Коню в этой печальной стороне города Петрово-на-Речке, близ кладбища, церквушки и умолкнувшей навек колокольни взяться было совершенно неоткуда, потому что ни конюшен, ни хозяйств, ни жилья и даже путных дорог в окрестностях погоста не было. Только больница в деревянной, бывшей помещичьей, но теперь уже год как советской усадебке сохранилась от пожаров и была самым востребованным в это нелёгкое тифозное время городским учреждением. Не оставалось в целой округе, даже во всей волости, и годных лошадей, тем более, таких красавцев, потому как поголовье реквизировали на нужды Красной армии.

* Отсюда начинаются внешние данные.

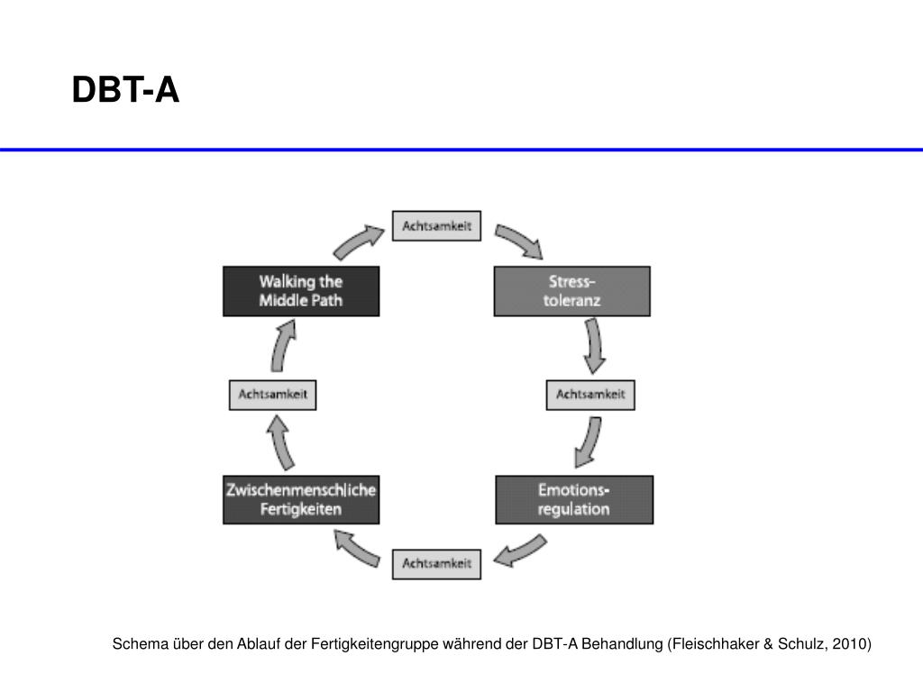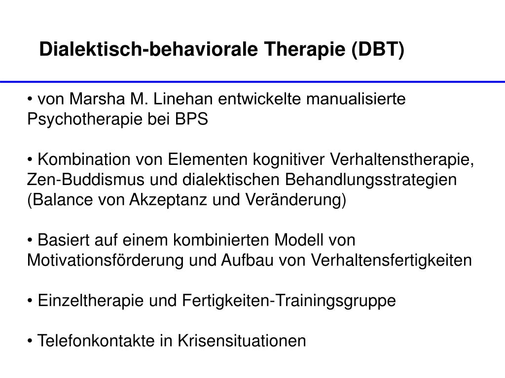Dialektisch-behaviorale Therapie (DBT) • • von Marsha M. Linehan entwickelte manualisierte Psychotherapie bei BPS • Kombination von Elementen kognitiver Verhaltenstherapie, Zen-Buddismus und dialektischen Behandlungsstrategien (Balance von Akzeptanz und Veränderung) • Basiert auf einem kombinierten Modell von Motivationsförderung und Aufbau von Verhaltensfertigkeiten • Einzeltherapie und Fertigkeiten-Trainingsgruppe • Telefonkontakte in Krisensituationen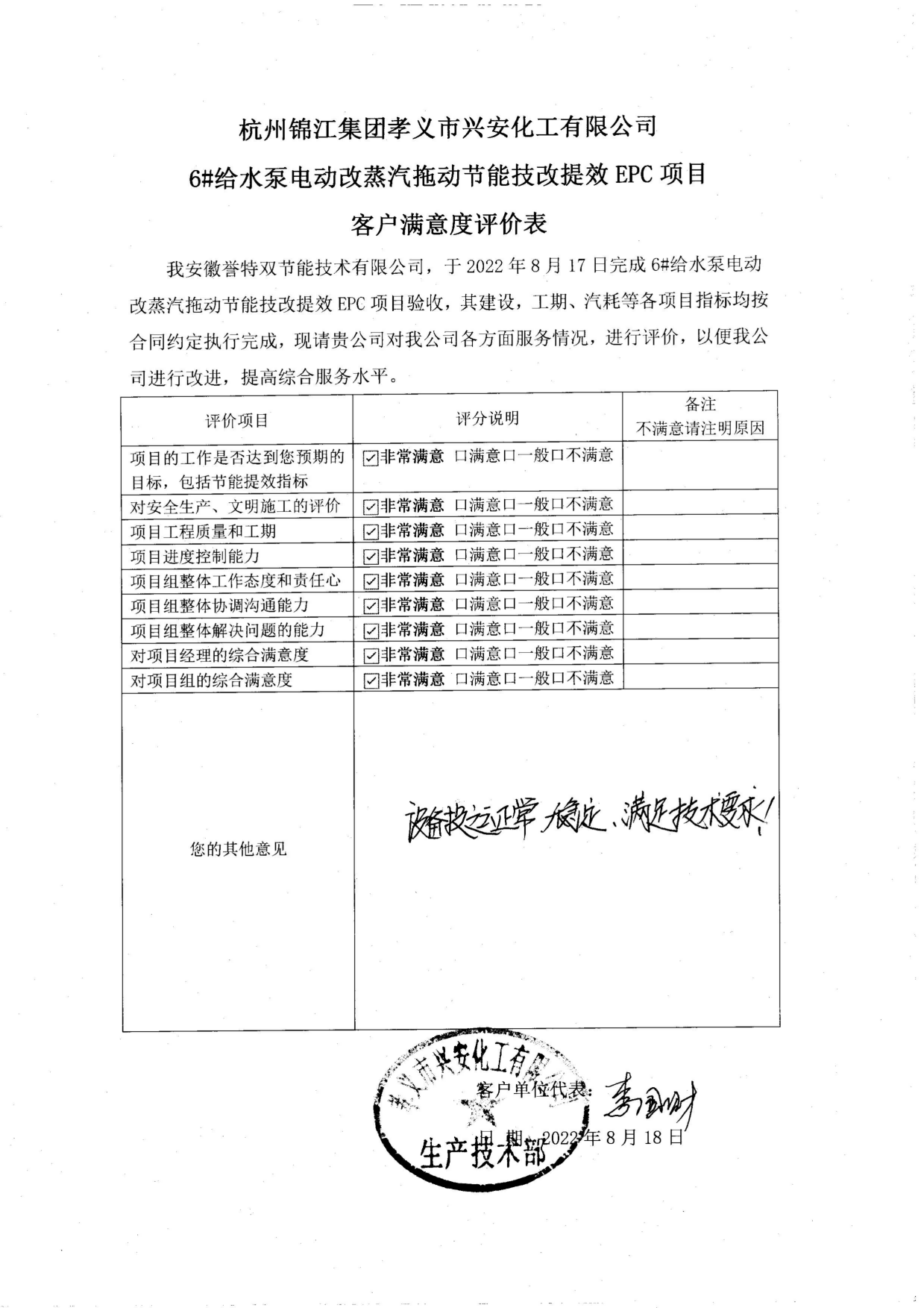 近期,我公司以EPC施工總包方式建設(shè)的中國五百強(qiáng)企業(yè)——孝義市興安化工有限公司、開曼(陜縣)能源綜合利用有限公司,兩臺(tái)2.1MW蒸汽拖動(dòng)給水泵電改汽節(jié)能技改項(xiàng)目正式通過工程驗(yàn)收。

Люди, кому впервой доводилось – уж каждый сам решал, к счастью или к кручине – повидать явление, сначала, все, как один, дивились чёрному, как адская сажа, жеребцу, заворожённо смотрели, как тот играет гривой, на песке вычерчивает угольным копытом замысловатые фигуры, в которых многим чудились то символы новой и старой власти, то кресты, то рогатые черепа и птичья лапа, то как будто какая-то фамилия.
На смену любованию приходил, разумеется, страх, как только народ улавливал взаимосвязь между появлением странного животного и неминучей смертью тех болезных, по чью душу этот нечистый наведывался. Когда покойника приходили забирать – родня или товарищи из сельсовета, или кто из армейских – конь ржал, скаля напоказ сахарные зубы, морду делал такую, будто ему было весело преграждать всякому прохожему дорогу к анатомке и норовил куснуть человека за плечо или даже пожевать ухо, если попадалось у кого дюже оттопыренное. Изредка точно так же бесстыдная скотина пыталась поступать и с мертвецами, порой хватая труп за нос или за ноги и разве что не вытаскивая из открытого гроба, ввергая живых в ошеломление и ужас.